Is there literally any precedent for Houston’s wholly bizarre offseason? The team made one smart move after another, but eventually the smart moves were so complicated that they ended up twisting in on themselves and became, well not dumb moves, but not great ones either. Their team is not as good as it was when they exited the playoffs. I don’t recall ever seeing anything like this.
PR: I guess one of the risks of going all in is that you’ll get burned if plans fall through. And plans inevitably always fall through, so the important thing to be flexible rather than have the best plan. Houston is good at planning things, but it would be rad had they chilled a bit after whiffing on Bosh. Who do you see having a better 2014, Mavs or Rockets?
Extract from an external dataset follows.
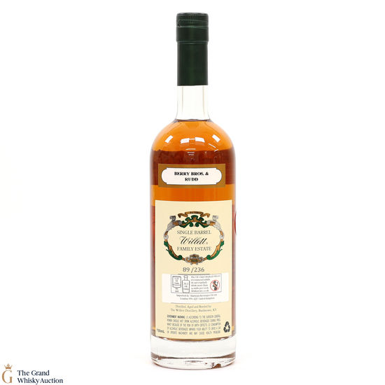This is Willett's Family Estate bottled single-barrel rye. Aged in hand-selected White Oak Barrels for 6 years. This particular bottle was hand-bottled from barrel no #3085 exclusively for Berry Bros & Rudd.
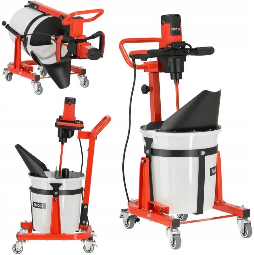 STACJA MIESZAJĄCA 50L 1600W DO WYLEWEK PODŁOGOWYCH YATO YT-82605 Przenośna, zasilana sieciowo stacja do mieszania zapraw samopoziomujących, mas szpachlowych i epoksydów. Zapewnia równomierne, wydajne mieszanie oraz precyzyjne i kontrolowane wylewanie gotowych mas dzięki konstrukcji z łatwym przechylaniem kubła. Umożliwiając dozowanie określonej ilości masy, doskonale sprawdza się do miejscowego uzupełniania zapraw w celu uzyskania idealnie równego poziomu podłoża. Osłona przeciwpyłowa, po podłączeniu odkurzacza, zabezpiecza przed rozpryskiwaniem mieszanek w trakcie pracy i redukuje ilość pyłu unoszącego się na zewnątrz zbiornika. wydajny mieszacz o mocy 1600 W elektroniczna regulacja obrotów: 150-300 obr./min (bieg I), 300-650 obr./min (bieg II) funkcja "miękki start" zabezpieczenie przed przegrzaniem kubeł o pojemności 50 l z dużym otworem dokładne mieszanie - bez grudek, suchych pozostałości i z odpowiednim napowietrzeniem 4 koła skrętne ułatwiają transport, a 2 hamulce zapewniają stabilność wygodne uchwyty do transportu i przechylania kubła mocowanie na gwint M14 waga: 26,3 kg Parametry Moc: 1600 W Obroty: 150-300 / 300-650 min⁻¹ Napięcie: 230-240 V a.c. Częstotliwość: 50 Hz Rozmiar gwintu: M14 Elektronicznie regulowana prędkość obrotowa: tak Miękki start: tak Przełącznik kierunku obrotów: nie Przełącznik rodzaju pracy: nie Zabezpieczenie przed przegrzaniem: tak Maks. objętość masy: 50 l Maks. obciążenie zbiornika: 35 kg Klasa izolacji elektrycznej: II Stopień ochrony: IPX0 Ciśnienie akustyczne: 85.6 ± 3.0 dB(A) Moc akustyczna: 93.6 ± 3.0 dB(A) Drgania: 2.283 ± 1.5 m/s² Masa: 26.3 kg

Miles: Tyson Chandler moved worlds as of so doggone recently that I have to believe he is still capable of doing the same. Plus, is Ivan Johnson going to be a thing for Dallas? With the Zhejiang Chouzhou Golden Bulls last year, dude averaged 26 points in 32.8 minutes a game. I mean, shoot, Sebastian Telfair had the same scoring average over three more minutes a game in the same league last year, and that dude got an NBA contract.
Also, the Harden-Howard alliance is clearly a time bomb with beeping LCD read-out, and no MacGyver in sight. Whom do you feel is superior?
PR: I feel Mavs, I like them more and I want them to succeed, but I think Rockets. Dwight will be another year healthier, and if they can guarantee competent point guard play, I think they still have a lot of firepower. I’d love to see Donatas get a larger role, if only because it will make them more fun. I still associate him with this old joke about how you pronounce his name (Do-not-draft-us Motiejunas) and he deserves better.
Miles: Oh my goodness does D-Mo deserve better. What other team in the NBA would marginalize a 23-year-old stretch-five?
Allow this fact to softly detonate in your mind: signed days before Terrence Jones in the summer of 2012, Motiejunas is the longest-tenured Rocket.